Gradcheck checks a single function (or a composition) for correctness, eg when you are implementing new functions and derivatives.
For your application, which sounds more like “I have a network, where does funny business occur”, Adam Paszke’s script to find bad gradients in the computational graph might be a better starting point. Check out the thread below.

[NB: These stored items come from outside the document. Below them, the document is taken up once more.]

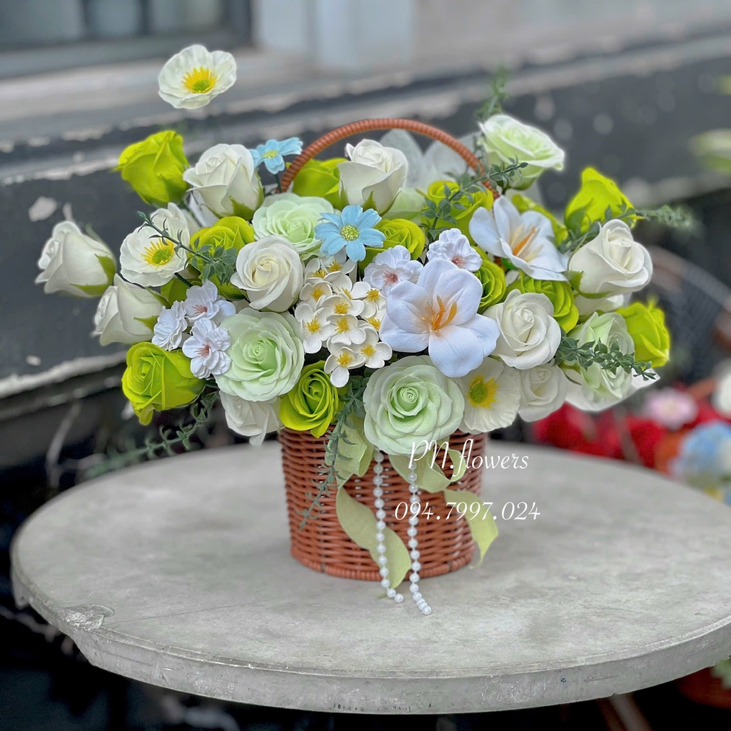 Giỏ Hoa Sáp Thơm 50 Bông Mix Tone Xanh Lá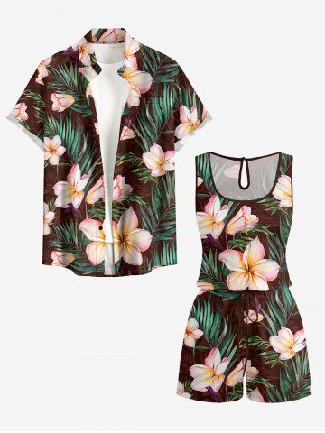 Plus Size Flowers Tropical Leaf Print Cinched Hawaii Romper - Café Profond - 5x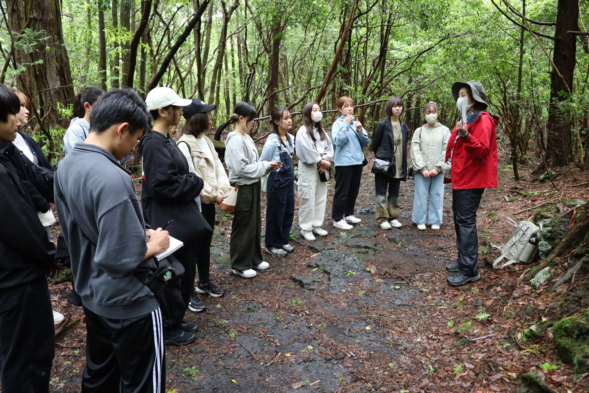 1日目は樹海ガイドツアーに参加した後,河口湖音楽と森の美術館や忍野八海を視察し、夜はキャリアを考えるワークショップを行いました。2日目は新倉山浅間公園や旅の駅kawaguchiko base、フォレストアドベンチャー・フジなどを視察しました。

def is_bad_grad(grad_output):
if grad_output.requires_grad == True:
print('grad_ouput have grad')
grad_output = grad_output.data

Error:

if grad_output.requires_grad == True:
AttributeError: 'NoneType' object has no attribute 'requires_grad'

Try 2:

def is_bad_grad(grad_output):
if grad_output.requires_grad == False:
print('grad_ouput doesnt have grad')
grad_output = grad_output.data

Error:

grad_ouput doesnt have grad
grad_ouput doesnt have grad
grad_ouput doesnt have grad
grad_ouput doesnt have grad
grad_ouput doesnt have grad
grad_ouput doesnt have grad
grad_ouput doesnt have grad
grad_ouput doesnt have grad
grad_ouput doesnt have grad
grad_ouput doesnt have grad
grad_ouput doesnt have grad
grad_ouput doesnt have grad
grad_ouput doesnt have grad
grad_ouput doesnt have grad
grad_ouput doesnt have grad
Traceback (most recent call last):
grad_ouput doesnt have grad
grad_ouput doesnt have grad
if grad_output.requires_grad == False:
AttributeError: 'NoneType' object has no attribute 'requires_grad'

Please give more details, so that i can debug this issue.

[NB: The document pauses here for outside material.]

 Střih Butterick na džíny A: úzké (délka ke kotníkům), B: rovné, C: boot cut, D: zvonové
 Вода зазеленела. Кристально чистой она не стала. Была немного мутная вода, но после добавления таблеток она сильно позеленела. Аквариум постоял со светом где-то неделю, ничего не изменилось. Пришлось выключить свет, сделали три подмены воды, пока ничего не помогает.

It seems that something you makes your output not require grads as much as one would expect, this could happen due to networks being in .eval() instead of .training(), or setting requires_grad = False manually or volatile or something entirely different…
If you had a minimal demo of how it happens, it would be easier to find out why it is not working.

I use a simple trick. I record the average gradients per layer in every training iteration and then plotting them at the end. If the average gradients are zero in the initial layers of the network then probably your network is too deep for the gradient to flow.
So this is how I do it -

This API to plot

def plot_grad_flow(named_parameters):
ave_grads = []
layers = []
for n, p in named_parameters:
if(p.requires_grad) and ("bias" not in n):
layers.append(n)
ave_grads.append(p.grad.abs().mean())
plt.plot(ave_grads, alpha=0.3, color="b")
plt.hlines(0, 0, len(ave_grads)+1, linewidth=1, color="k" )
plt.xticks(range(0,len(ave_grads), 1), layers, rotation="vertical")
plt.xlim(xmin=0, xmax=len(ave_grads))
plt.xlabel("Layers")
plt.ylabel("average gradient")
plt.title("Gradient flow")
plt.grid(True)

plug this API after the loss.backward() during the training as follows -

loss = self.criterion(outputs, labels)
loss.backward()
plot_grad_flow(model.named_parameters())

def plot_grad_flow(named_parameters):
'''Plots the gradients flowing through different layers in the net during training.
Can be used for checking for possible gradient vanishing / exploding problems.
Usage: Plug this function in Trainer class after loss.backwards() as
"plot_grad_flow(self.model.named_parameters())" to visualize the gradient flow'''
ave_grads = []
max_grads= []
layers = []
for n, p in named_parameters:
if(p.requires_grad) and ("bias" not in n):
layers.append(n)
ave_grads.append(p.grad.abs().mean())
max_grads.append(p.grad.abs().max())
plt.bar(np.arange(len(max_grads)), max_grads, alpha=0.1, lw=1, color="c")
plt.bar(np.arange(len(max_grads)), ave_grads, alpha=0.1, lw=1, color="b")
plt.hlines(0, 0, len(ave_grads)+1, lw=2, color="k" )
plt.xticks(range(0,len(ave_grads), 1), layers, rotation="vertical")
plt.xlim(left=0, right=len(ave_grads))
plt.ylim(bottom = -0.001, top=0.02) # zoom in on the lower gradient regions
plt.xlabel("Layers")
plt.ylabel("average gradient")
plt.title("Gradient flow")
plt.grid(True)
plt.legend([Line2D([0], [0], color="c", lw=4),
Line2D([0], [0], color="b", lw=4),
Line2D([0], [0], color="k", lw=4)], ['max-gradient', 'mean-gradient', 'zero-gradient'])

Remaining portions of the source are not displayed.